-- EXERCISE PROMPT --
The data below is to be written out exactly, with no pictures.

-- SOURCE DATA --
---

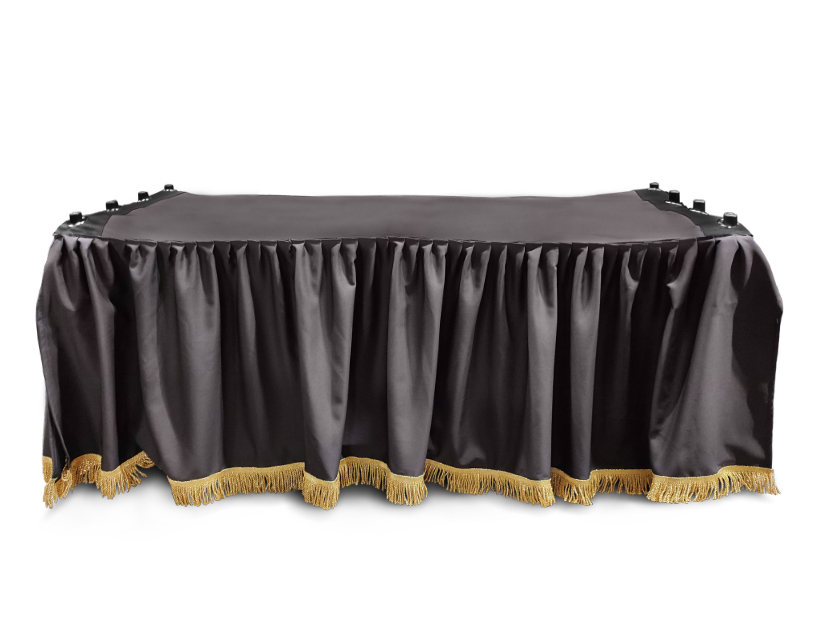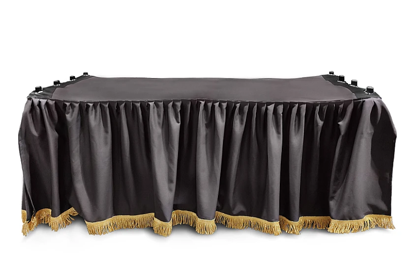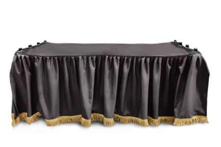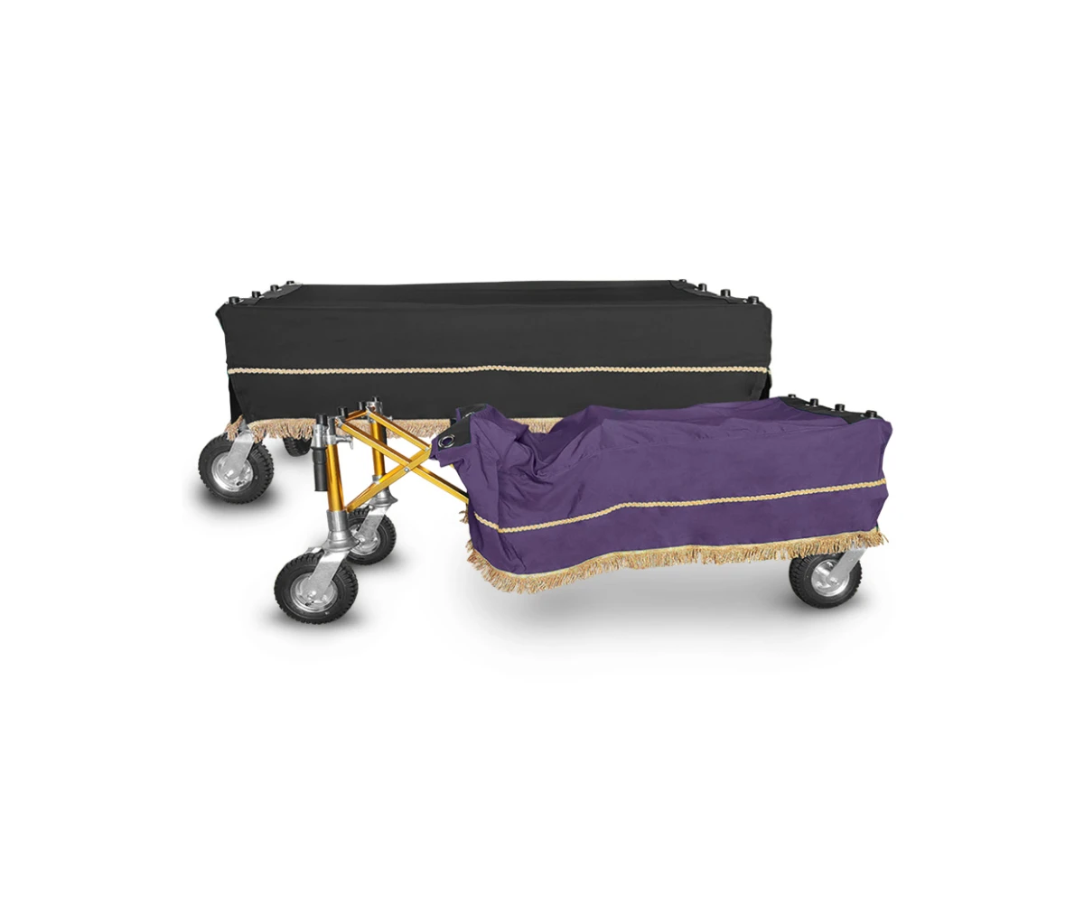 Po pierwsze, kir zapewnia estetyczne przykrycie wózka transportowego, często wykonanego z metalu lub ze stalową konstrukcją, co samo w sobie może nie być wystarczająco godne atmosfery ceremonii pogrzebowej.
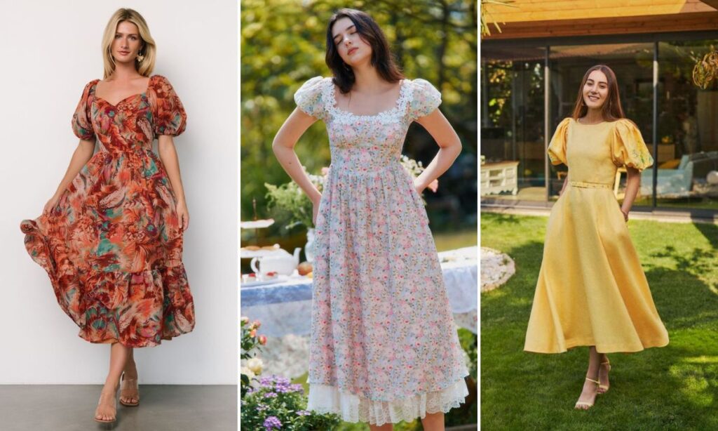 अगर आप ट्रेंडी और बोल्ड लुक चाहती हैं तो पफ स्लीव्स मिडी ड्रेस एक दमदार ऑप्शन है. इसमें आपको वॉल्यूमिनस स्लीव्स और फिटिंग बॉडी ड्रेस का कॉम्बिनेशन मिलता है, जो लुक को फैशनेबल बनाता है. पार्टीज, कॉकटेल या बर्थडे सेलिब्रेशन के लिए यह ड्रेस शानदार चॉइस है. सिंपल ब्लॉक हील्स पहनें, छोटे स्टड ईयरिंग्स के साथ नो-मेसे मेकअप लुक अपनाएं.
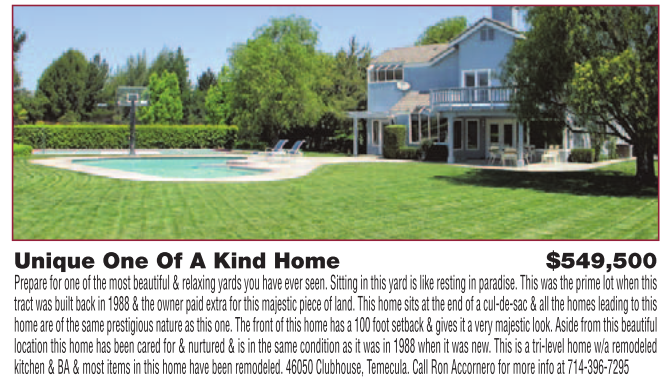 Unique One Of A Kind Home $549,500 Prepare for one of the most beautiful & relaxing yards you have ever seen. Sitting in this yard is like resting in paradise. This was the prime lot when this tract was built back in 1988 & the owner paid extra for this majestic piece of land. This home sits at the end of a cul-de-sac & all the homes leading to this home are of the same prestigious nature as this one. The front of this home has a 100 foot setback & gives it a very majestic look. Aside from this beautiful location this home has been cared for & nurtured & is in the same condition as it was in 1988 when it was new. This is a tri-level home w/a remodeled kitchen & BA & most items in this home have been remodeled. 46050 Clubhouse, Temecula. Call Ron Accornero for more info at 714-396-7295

---

-- REPLY --
 Po pierwsze, kir zapewnia estetyczne przykrycie wózka transportowego, często wykonanego z metalu lub ze stalową konstrukcją, co samo w sobie może nie być wystarczająco godne atmosfery ceremonii pogrzebowej.
 अगर आप ट्रेंडी और बोल्ड लुक चाहती हैं तो पफ स्लीव्स मिडी ड्रेस एक दमदार ऑप्शन है. इसमें आपको वॉल्यूमिनस स्लीव्स और फिटिंग बॉडी ड्रेस का कॉम्बिनेशन मिलता है, जो लुक को फैशनेबल बनाता है. पार्टीज, कॉकटेल या बर्थडे सेलिब्रेशन के लिए यह ड्रेस शानदार चॉइस है. सिंपल ब्लॉक हील्स पहनें, छोटे स्टड ईयरिंग्स के साथ नो-मेसे मेकअप लुक अपनाएं.
 Unique One Of A Kind Home $549,500 Prepare for one of the most beautiful & relaxing yards you have ever seen. Sitting in this yard is like resting in paradise. This was the prime lot when this tract was built back in 1988 & the owner paid extra for this majestic piece of land. This home sits at the end of a cul-de-sac & all the homes leading to this home are of the same prestigious nature as this one. The front of this home has a 100 foot setback & gives it a very majestic look. Aside from this beautiful location this home has been cared for & nurtured & is in the same condition as it was in 1988 when it was new. This is a tri-level home w/a remodeled kitchen & BA & most items in this home have been remodeled. 46050 Clubhouse, Temecula. Call Ron Accornero for more info at 714-396-7295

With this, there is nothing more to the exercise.